Time, helped by the eager brushes of varnishers and retouchers, has altered many a painting so that even its old master wouldn’t know it. In 1946, restorers at Amsterdam’s Rijksmuseum disconcerted art lovers by cleaning up Rembrandt’s famous Night Watch,* admired for generations because of its air of midnight mystery. Under decades of dust, soot and varnish was a picture painted in the clear morning light, filled with bright colors and contrasts. Last week The Hague’s Mauritshuis displayed another cleaned-up Rembrandt masterpiece: The Anatomy Lesson of Dr. Nicolaes Tulp, the Dutch master’s first great group portrait, painted in 1632 when he was 26. The results were equally startling.
When four layers of varnish were removed, drab yellows and blacks turned into delicate white, grey and rose. Hidden architectural details appeared in the background. A hand, repainted twice in the past three centuries, resumed its original form. An anatomical diagram was discovered on the sheet of paper that one man was holding. X-ray photographs revealed more. A face at the top of the group had apparently been painted in after the picture was completed. The refined-looking Dr. Tulp had originally been a coarse-featured Dutchman. Restorers could not uncover the original face, however, for fear of destroying the painting.

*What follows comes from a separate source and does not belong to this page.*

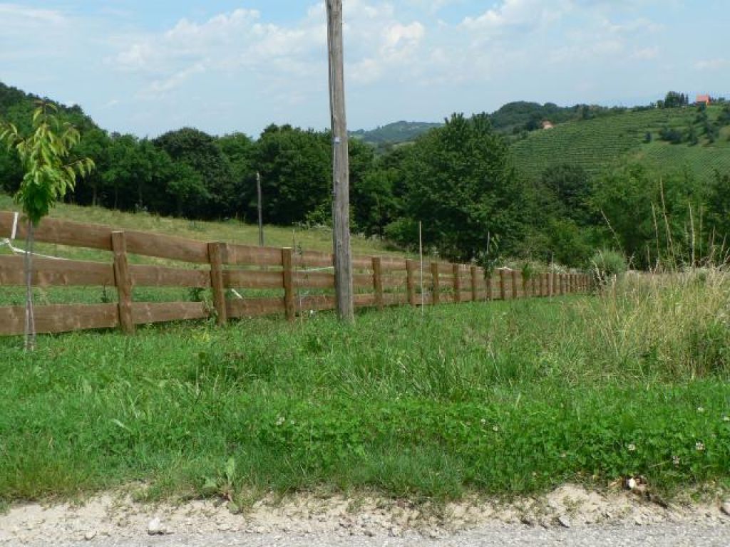 • stebri so lahko okrogli ali iz žaganega lesa, dolžina odvisna od višine ograje,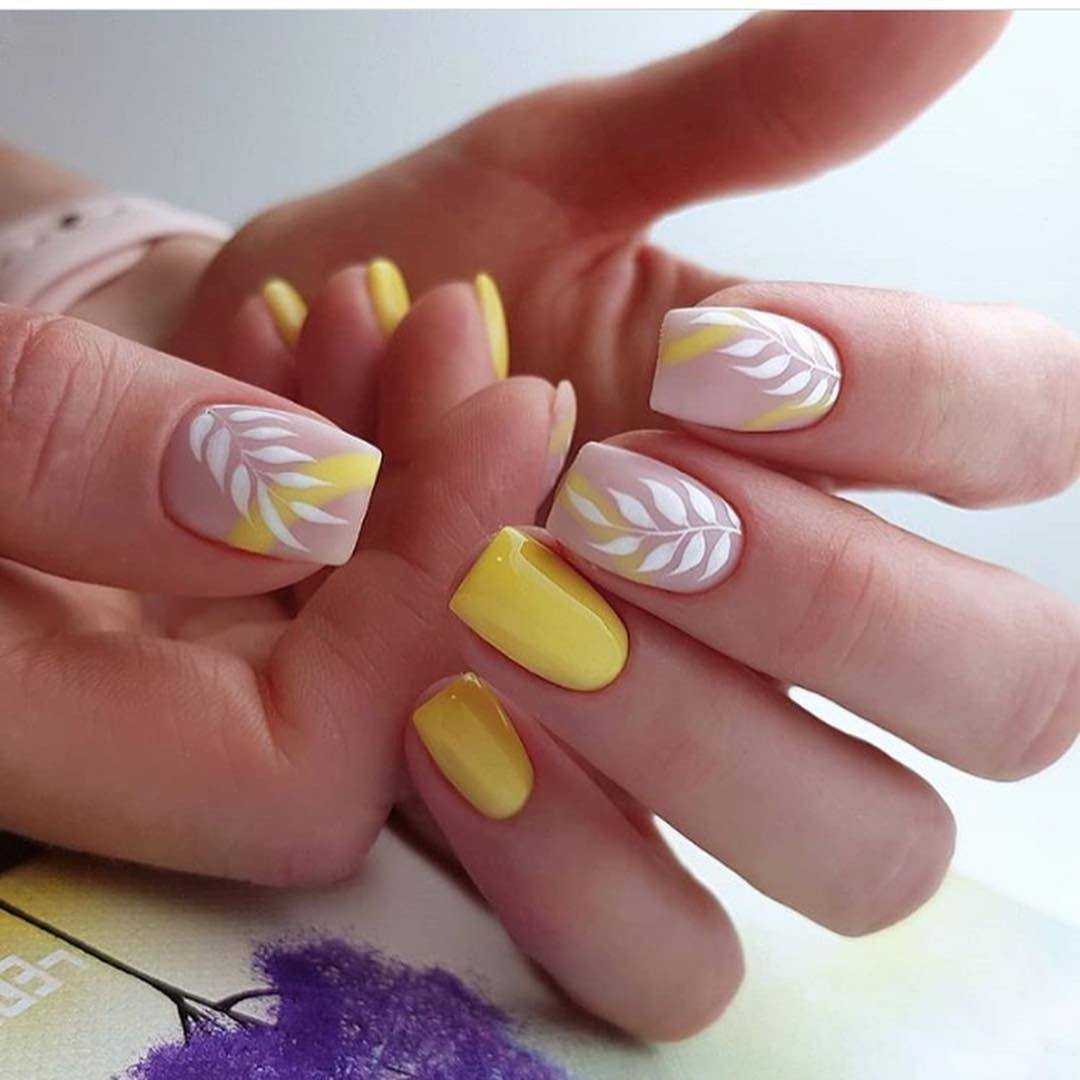 Натурально смотрятся бархатцы, окрашенные в мятный и желтый цвета. Для придания выразительности в уголке любого пальца можно расположить узор из цветных страз.

Critics admitted that in at least one instance retouchers had improved on Rembrandt. Still struggling with problems of perspective, the young painter had done a poor job on Dr. Tulp’s chair. A later painter had straightened it out. Strangest discovery of all: some retoucher, evidently not liking the look of Rembrandt’s original signature, had covered it over with a carefully traced duplicate.
* Rembrandt left his group portrait of Captain Frans Banning Cocq’s “shooting company” untitled. Later generations have referred to it by various titles; the Night Watch became common usage in the 19th Century.